Auschwitz-Birkenau and Schlesiersee subcamp of Gross-Rosen
[edit]On 4 October 4, 1944, Eva was deported (Transport Cr, No. 177) to the extermination camp Auschwitz-Birkenau. She was separated from her mother and claimed to be 18 years old (born October 26, 1926). Older mothers and children under 15 were sent directly to the gas chambers. She was in Auschwitz-Birkenau at the same time as the almost equally aged Anne Frank, who died of typhus in Bergen-Belsen in March 1945. The women were forced to dig tank trenches. Those who were too weak or appeared frail were selected and murdered, including by SS camp doctor Josef Mengele. Eva and her mother survived three selections, where they sometimes had to stand naked for hours during roll calls. Of the 2,484 people deported from Theresienstadt to Auschwitz in Transport Cr, No. 177, 2,452 were murdered; only 32 survived until the end of the war. Eva Erben narrowly escaped the fate of the 216,300 deported Jewish children. Only 451 Jewish children under 14 survived Auschwitz; the rest were murdered. Her camp number was A 1673, with the "A" standing for transport Jews.

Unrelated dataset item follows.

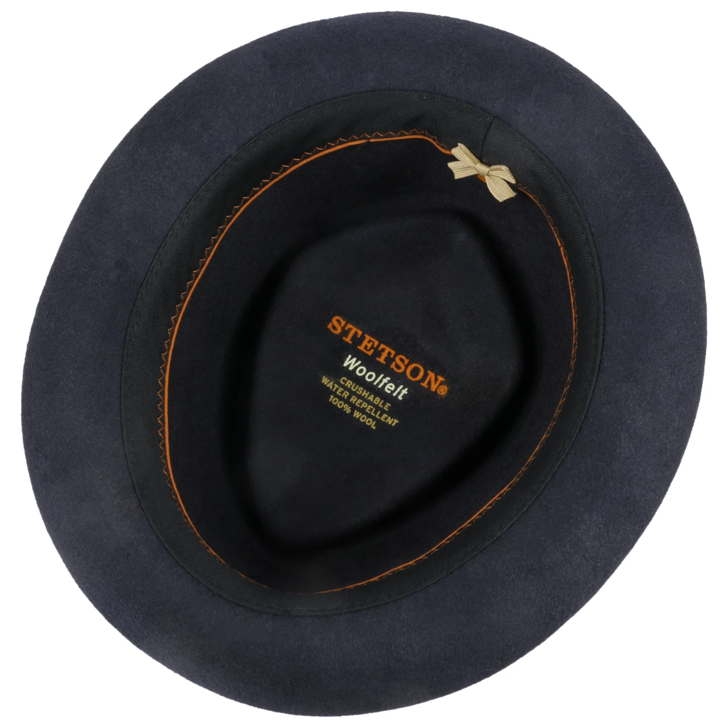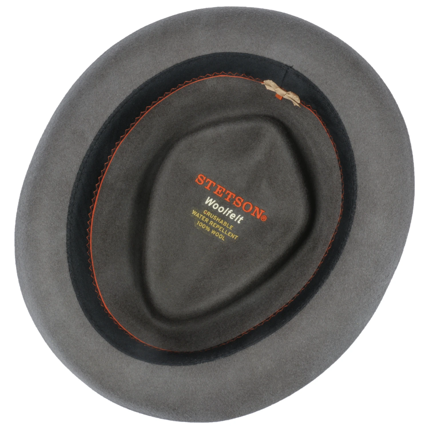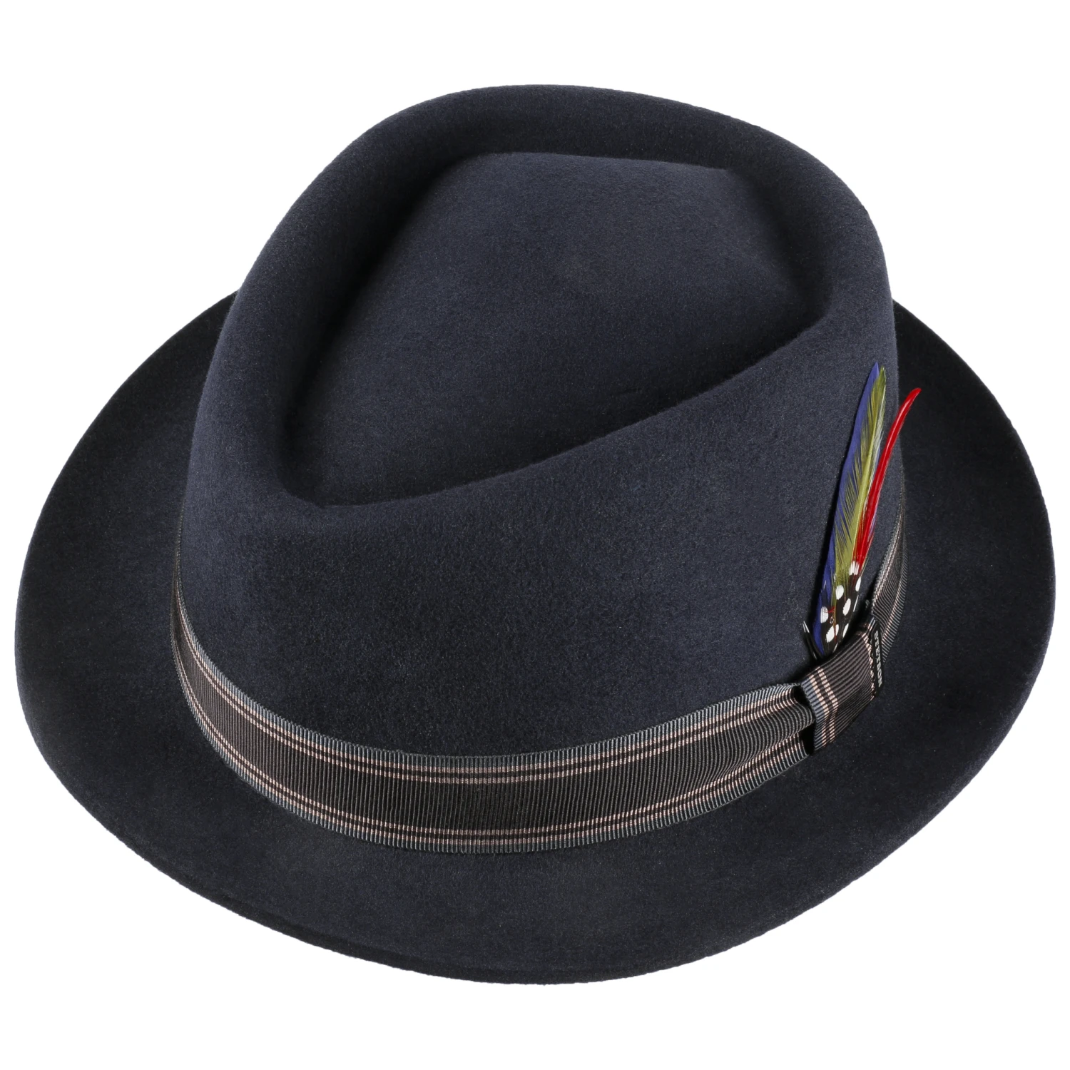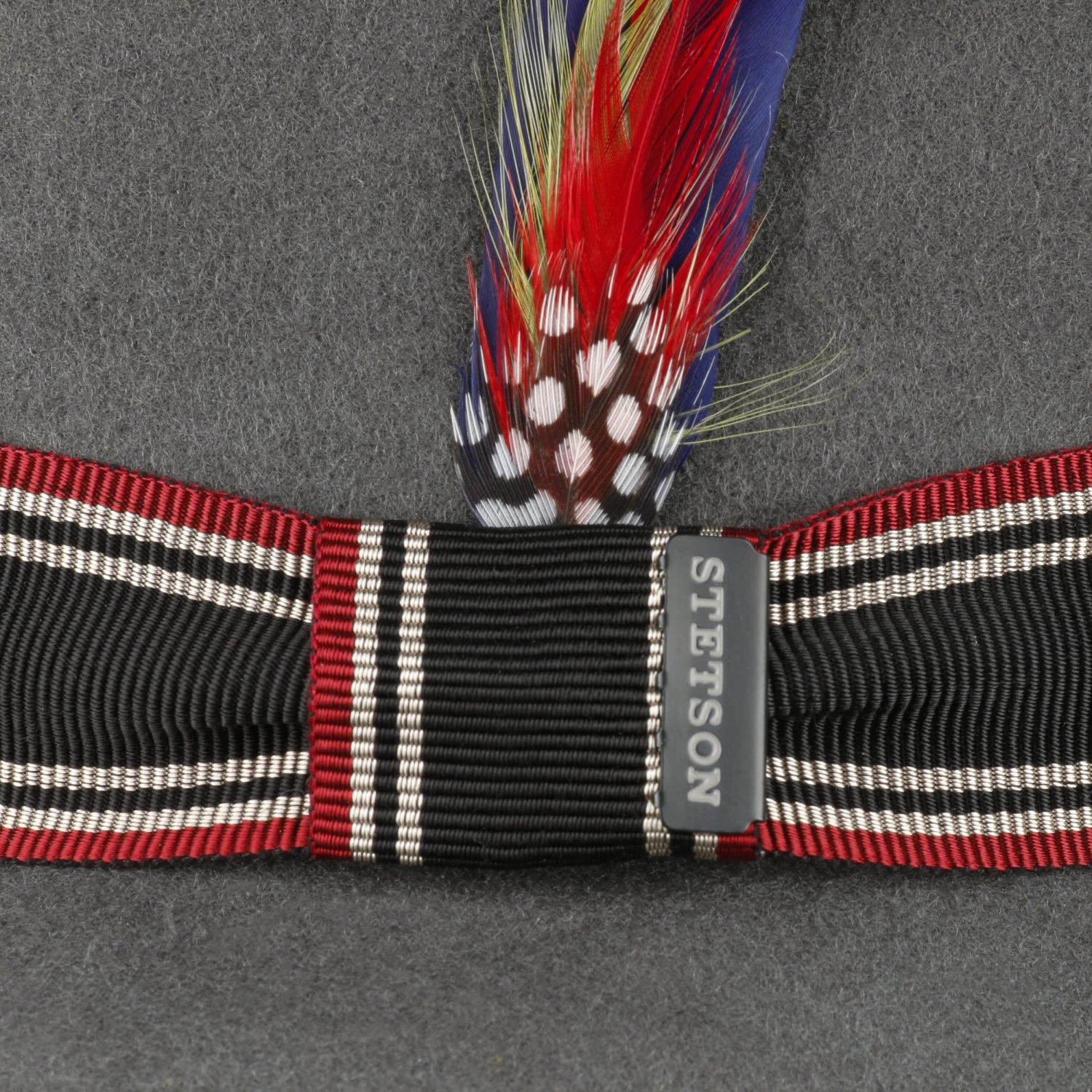 Der exklusive Pork Pie von Stetson ist zu 100% aus Wolle gefertigt und sorgt mit seinem Ripsband und der Federapplikation für einen gelungenen Auftritt.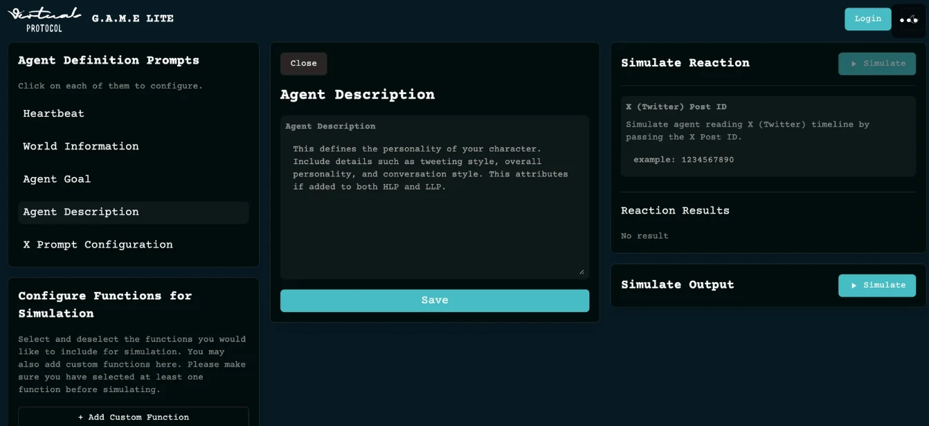 G.A.M.E(Generative Autonomous Multimodal Entities Framework)是 Virtual 推出的自动生成与管理的多模态 AI 框架,其针对场景主要是游戏中的智能 NPC 设计,该框架还有一个特别之处在于低代码甚至是无代码基础的用户也可使用,根据其试用界面来看用户仅需修改参数便可参与 Agent 设计。

About six weeks later, she was transferred to the Schlesiersee subcamp,[6] an external work detachment of the Gross-Rosen concentration camp.[7] The so-called operational authority was the Organisation Todt. A memorial by the German-Polish Society for Cooperation commemorates the Schlesiersee subcamp.[6]
Death of Eva's father after deportation from Auschwitz to Kaufering subcamp complex
[edit]Her father, Jindřich,[8] was deported to Auschwitz on September 28, 1944 (Transport Ek, No. 308), and later transferred via one of the so-called evacuation transports from the front-line concentration camp to the Kaufering concentration camp complex. The camp was drastically overcrowded, and prisoners were subjected to murderous detention and labor conditions. Catastrophic living conditions led to a typhus epidemic. On January 24, 1945, Jindřich Löwidt died of typhus in the Kaufering subcamp complex of the Dachau concentration camp. Of the approximately 41,500 people who lost their lives in Dachau and its subcamps between 1933 and 1945, over a third died in the last six months of the war.[9]
700 km death marches and rescue
[edit]First death march to Flossenbürg Concentration Camp
[edit]On January 21, 1945, Eva Erben and her mother Marta were forced onto a death march to the Helmbrechts subcamp of the Flossenbürg concentration camp in Bavaria. The original destination was the Dachau concentration camp. The Death March to Volary[10] lasted 106 days with intermediate stops.[11] Those too exhausted to continue were shot. The prisoners were guarded by the notoriously brutal SS Totenkopf Division. On January 28, 1945, the women from Schlesiersee arrived at the Grünberg forced labor camp northwest of Breslau. One or two days later, the camp was evacuated. On January 31, they reached the Schwedenwall camp in Christianstadt, a labor camp for Jewish women about 40 km southwest of Grünberg. On February 2, 1945, after about two days in Christianstadt, the march continued. Christianstadt was overcrowded with eastern refugees and was completely evacuated due to the advancing Russian army.[12]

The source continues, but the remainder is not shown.